The team decided that as part of embracing platform engineering, it needed golden paths.
“It’s the preferred way to do something, an easy way to achieve what you want, and you lower the barrier to entry to achieve your goal by making it your preferred way - this has been one of the core foundations of how we put the vision forward for all platforms,” he said.
The introduction of an internal developer portal has enabled PGS to use golden paths, and Bailleul believes the company is already reaping the rewards.
“When we started to have good golden paths and a number of good self-service actions, it became a force multiplier; we’ve seen people who weren’t willing to go through the ticketops or take care of creating something new that were enabled and capable of doing it, and that has been great for us as an organization to increase our efficiency and deliver more,” he said.
This realization of golden paths with self-service actions has been revolutionary for AMCS Group, too.

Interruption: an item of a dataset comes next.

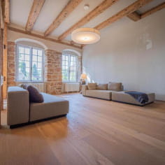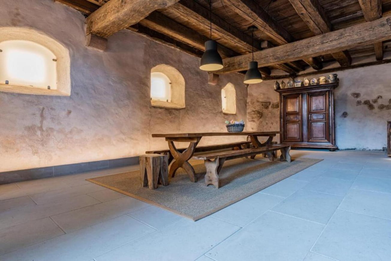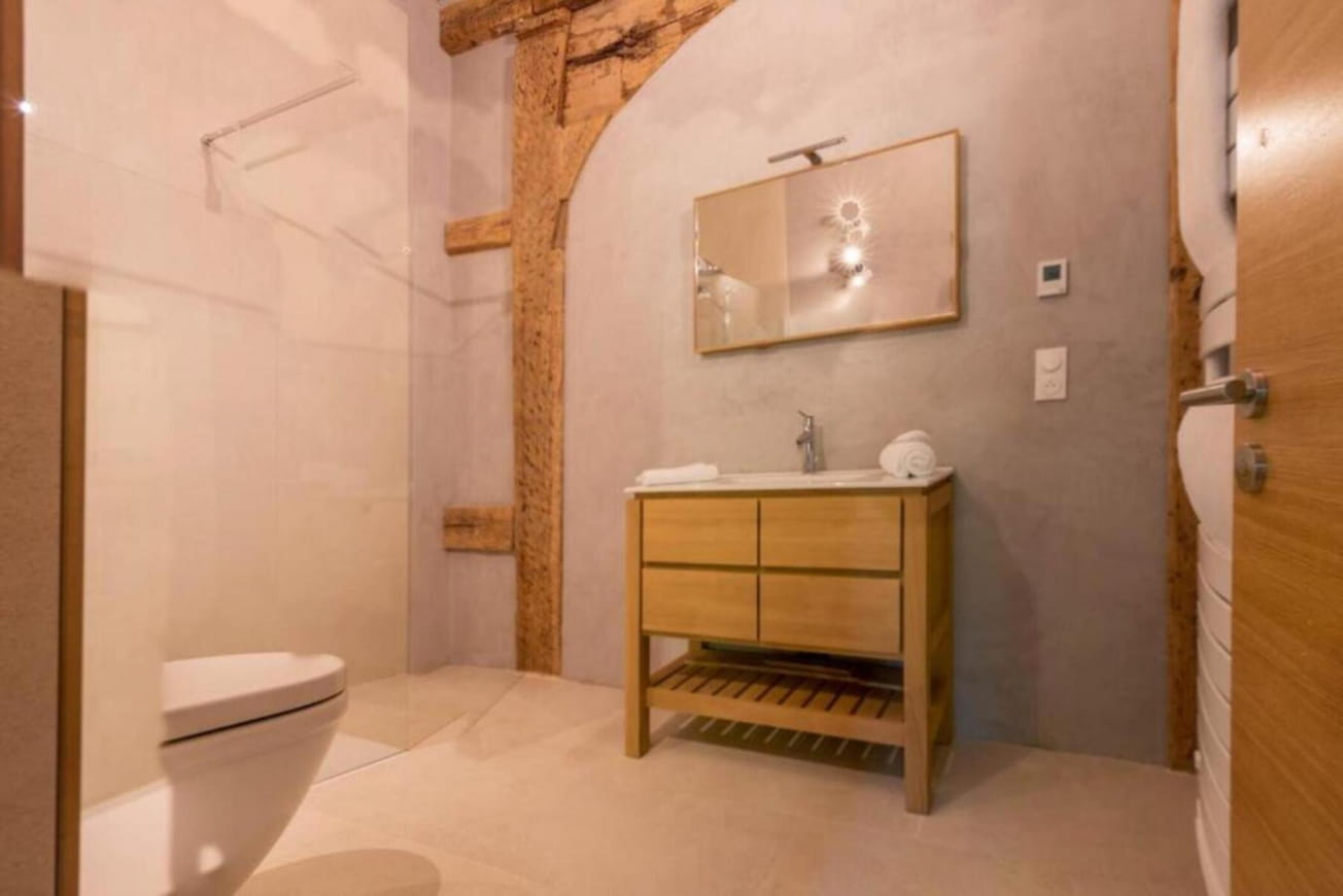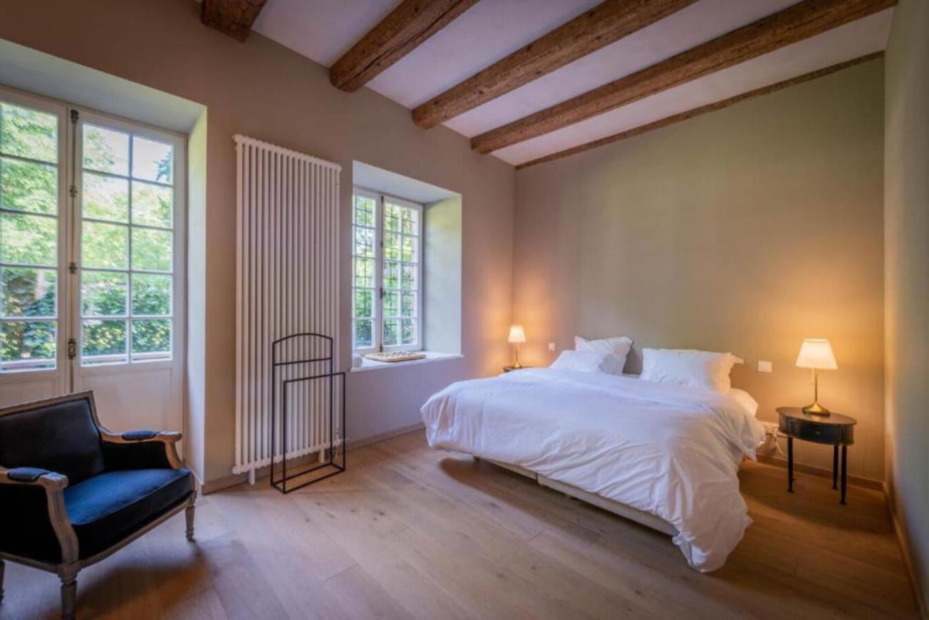 Zodra je aankomt, word je verleid door de charme van de ruwe materialen: oude balken, zichtbare stenen en massief parket verwelkomen je in een intieme, verfijnde sfeer. Op de begane grond vind je een grote, gezellige eetkamer, een volledig uitgeruste keuken van topklasse en een discrete bijkeuken. Dit alles komt uit op een privétuin beplant met bomen, perfect om te ontspannen in de frisse lucht.

“The development team have a lot of complexity to deal with, so telling them to go and do tasks like creating good repositories or giving them access to do cloud resources to do troubleshooting, without any golden path, you’re leaving it to them to take a course in their own time, and still have to deliver all of those things,” Pikat said.
This is why Pikat wanted to enable self-service in a way that took into account governance as well as abstracting away complexity. With Port, the company can do this via simple self-service forms that developers have to fill in to gain access or take an action, providing them with autonomy with golden paths and guardrails baked in.

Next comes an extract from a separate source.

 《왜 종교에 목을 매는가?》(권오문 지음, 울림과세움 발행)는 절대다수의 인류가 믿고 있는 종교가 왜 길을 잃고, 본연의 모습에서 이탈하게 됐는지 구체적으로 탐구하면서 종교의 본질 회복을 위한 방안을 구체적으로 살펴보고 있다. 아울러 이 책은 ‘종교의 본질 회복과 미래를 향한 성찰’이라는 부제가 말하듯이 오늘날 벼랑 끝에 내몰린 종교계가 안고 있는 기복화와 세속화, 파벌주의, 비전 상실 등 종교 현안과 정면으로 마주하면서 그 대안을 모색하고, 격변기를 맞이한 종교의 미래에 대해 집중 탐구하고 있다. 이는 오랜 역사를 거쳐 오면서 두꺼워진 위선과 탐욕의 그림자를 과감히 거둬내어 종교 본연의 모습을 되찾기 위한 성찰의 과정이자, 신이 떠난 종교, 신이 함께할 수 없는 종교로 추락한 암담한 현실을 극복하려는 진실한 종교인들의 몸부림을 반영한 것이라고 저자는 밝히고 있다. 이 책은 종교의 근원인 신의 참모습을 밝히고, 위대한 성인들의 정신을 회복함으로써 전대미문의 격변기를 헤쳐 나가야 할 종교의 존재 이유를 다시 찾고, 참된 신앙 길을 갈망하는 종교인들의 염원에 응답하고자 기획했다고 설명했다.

“Not only can we enable people to get the things they want in an intuitive way and reduce that 85 minutes task involving multiple people to do it yourself in five minutes, but we can sleep at night knowing that they will follow our golden path that we designed for them - we’re not going to break any rules, we’re not going to create a Git repo in the wrong project in our version control system, they won’t forget to put branch policies that we require, etc,” he said.

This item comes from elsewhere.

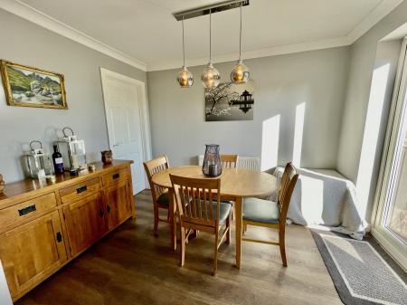 DINING ROOM 8' 0" x 11' 1" (2.45m x 3.39m) skimmed and coved ceiling, centre light point, UPVC double glazed French doors to the rear elevation, oak effect laminate flooring, double radiator. Door into: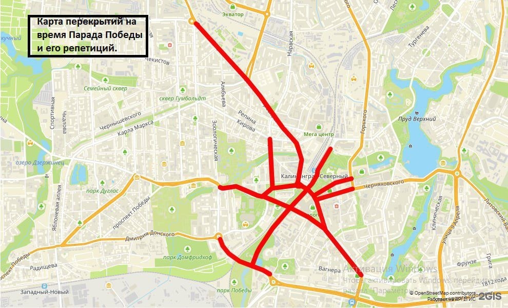 В Калининграде сегодня, 5 мая, в связи с проведением репетиции парада Победы будет временно ограничено движение транспорта в центре города. Ограничения будут действовать с 19:00 до 00:00. Перекрытие затронет следующие участки:

Feedback and iterating on your internal developer portal
The team at GAIG is conscious of ensuring they continue to collect feedback as they roll out the portal to more teams. The soft launch involved a rollout to a smaller team of about 50 app developers to get initial feedback, and changes were incorporated into the portal before it launched again to a broader group of around 300 developers.
For AMCS, the feedback has been hugely positive for its internal developer portal.
“The first and most frequent feedback we’re hearing from our stakeholders, which are not necessarily just developers but support, professional services, and the entire engineering community is how freaking fast they get the task and job done - and they just love it because it enables them immediately,” said Pikat.
“It makes us proud of our work too - because it’s such a nice feeling to help your colleague be productive, to be a driving force for the team and to help the business,” he added.
At PGS, many of the initial developers that were onboarded with the first iteration of their portal, were those that had the pain of manual GitOps processes.
“They went into the portal and were blown away by how simple it became,” said Bailleul.
Meanwhile, the second wave of developers who used the portal had no complaints - and this, Bailleul explained, was significant in itself.
“You know it’s effective and you’ve done a good job when your team uses the new service and you don’t get any bad feedback,” he said.
The company has been able to compare mean time to resolution (MTTR) between tickets and self-service actions, and Bailleul said that the difference was “pretty impressive”.
Now, for all three organizations, the developers and other stakeholders that are using the portal are asking what else is possible with the portal, and coming up with suggestions for new ideas or features to make the portal even more impactful for the organization.